*Exercise brief*.
In the listing below, the lines starting with the line with "ON/OFF 전환 커서로선택되어있는부위의밸브를ON/OFF 합니다 ." and going on through the line with "Various types of" are to be reproduced exactly, and only those.

*The input*.
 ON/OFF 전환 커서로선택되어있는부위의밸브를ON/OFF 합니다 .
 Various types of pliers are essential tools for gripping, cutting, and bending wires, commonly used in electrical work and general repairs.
...
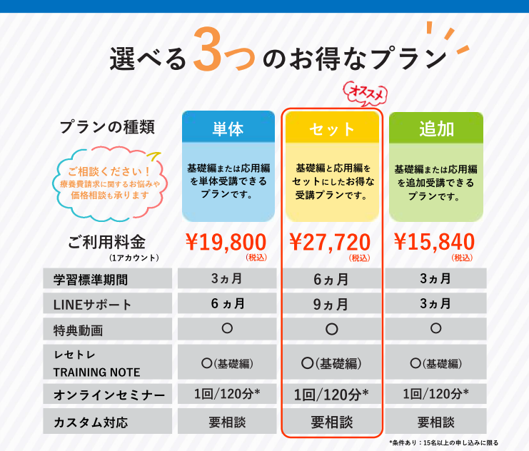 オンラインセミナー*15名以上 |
* * *
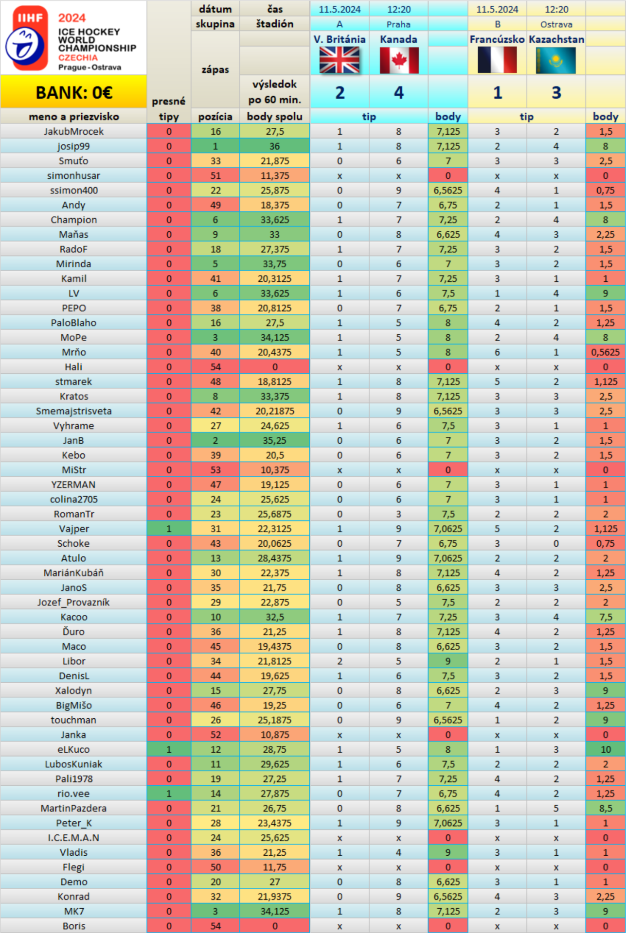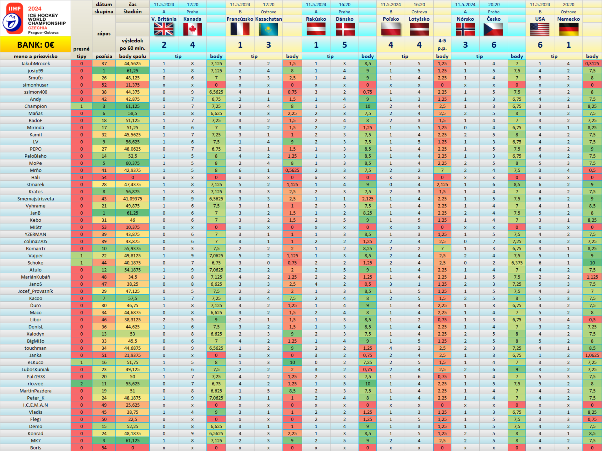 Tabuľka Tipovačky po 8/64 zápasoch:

*Written solution*.
 ON/OFF 전환 커서로선택되어있는부위의밸브를ON/OFF 합니다 .
 Various types of pliers are essential tools for gripping, cutting, and bending wires, commonly used in electrical work and general repairs.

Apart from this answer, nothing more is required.